There are several approaches I can think of, but I wanted to hear what
others think the best way might be. (BTW - I'm still on Rails 1.2.5,
in case there's something groovy in this regard in 2.0... I'm not
ready to upgrade yet)... Here's what I've thought of and what to do in
case of Cancel:
1) use transactions and rollback - might be the cleanest, but I havent
used them yet in rails and I dont know if there are gotchas I'll need
to learn about
2) clone or dup the parent object and discard - from my quick reading,
I'm not sure the shallow copying copies the associations... and if it
does, whether it creates new associated objs or not... and then what
it does when I discard
3) track the changes and unwind - pretty messy
As always, any help from the group is much appreciated.

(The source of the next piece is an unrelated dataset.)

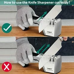 - ?Ergonomically design: Non-slip rubber base and ergonomic handle bring good cooking experience. It is perfect suitable for both right-handed and left-handed users. You can use it with both right hand and left hand. The bottom of the knife sharpener has non-slip rubber bases that prevent slipping during use.

Transactions definitely won't work. First, you'd have to stretch the
transaction across HTTP requests, because you'd start the transaction
in one action, and then either roll it back in the Cancel action or
commit it in the Update action. You never want to allow user
interaction inside a transaction because the user might drop dead.

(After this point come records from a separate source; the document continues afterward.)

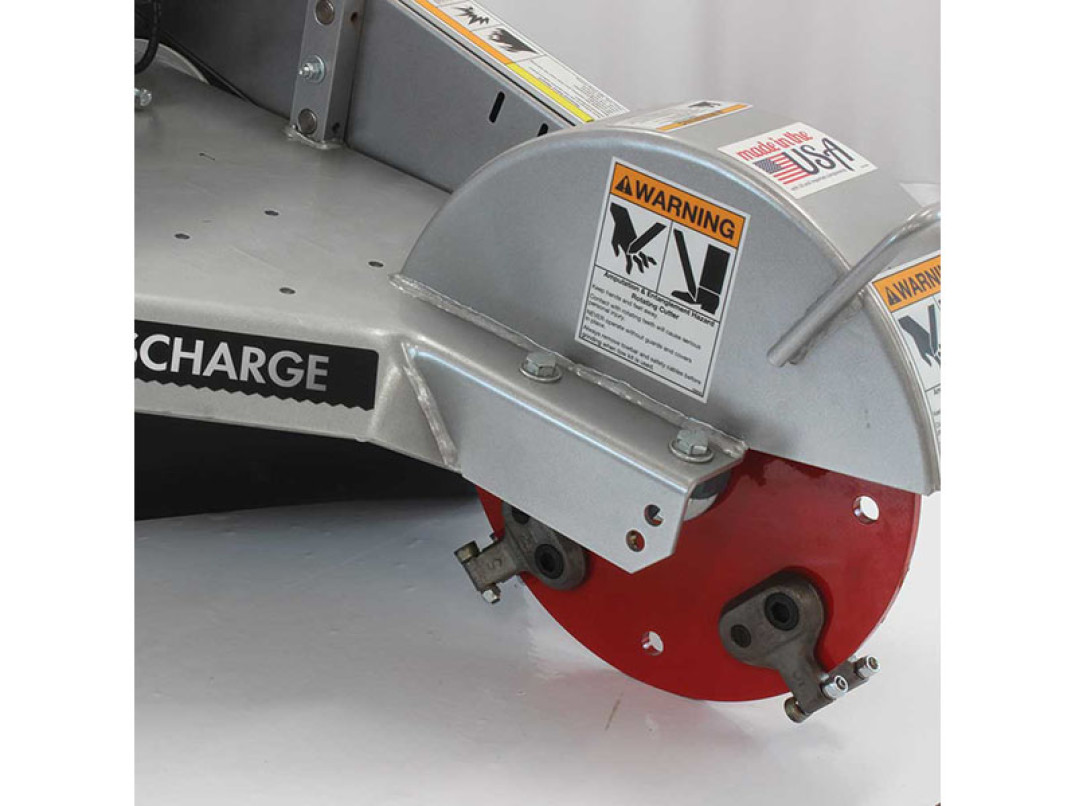 L'esclusivo scarico laterale tiene il macinato lontano dalla macchina e dall'operatore.
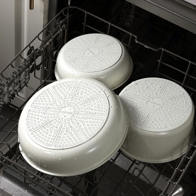 • 【Superior Nonstick Performance】Carote ceramic nonstick pots and pans set is perfect for everyday meals, providing superior nonstick performance with 100% PFOA, PFAS-free and non-toxic properties. Enjoy healthier cooking with less oil intake
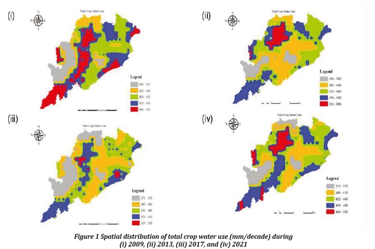 The water footprint (WF) of crop production in Odisha from 2009 to 2021 exhibited significant spatial and temporal variations influenced by climate, crop yield, and irrigation practices. The total WF decreased from 650–7900 m³/t in 2009 to 510–3300 m³/t in 2021, attributed to improved agricultural practices and efficient water management. Jharsuguda, Sundergarh, and Sambalpur had the highest WF due to low rainfall and irrigation dependency, while districts like Balasore and Gajapati had lower WF due to better rainfall utilization.

Second, I don't even know if you _can_ stretch a trx across requests
in Rails.
You might consider looking at the Memento design pattern (I don't know
if it's in the Ruby patterns book).
I realize that I left out some missing details to my original post...
1) the user clicks an Update Conditions button to go to the page
2) The user updates the associated list of Conditions by adding new
ones or removing existing ones thru a 2 AJAX interactions. Existing
Conditions are listed with a UI element that they can click to remove.
New Conditions can be added from a menu. So, the user can execute a
series of Add or Remove actions while still on the page.
3) the idea was to let them commit the entire set of actions by
clicking an Update button or discard the set by clicking a Cancel
button
One problem with all of this is that the user can, of course, just
click away from the page without using either the Update or Cancel
button. So perhaps this UI isnt the best.
But, I'm still curious how people have approached being able to
reverse/undo/cancel a set of actions like I've described.
I chose to rewrite part of my code so that the addition/removal of
these associated objects is not actually done on the model itself
until the user commits the changes by clicking the Update button.
Instead, I load up a session variable with an array of refs to the
associated objs, manipulate that list (add/removes) while still on the
page, then apply the final set to the model. Pretty clean and easy.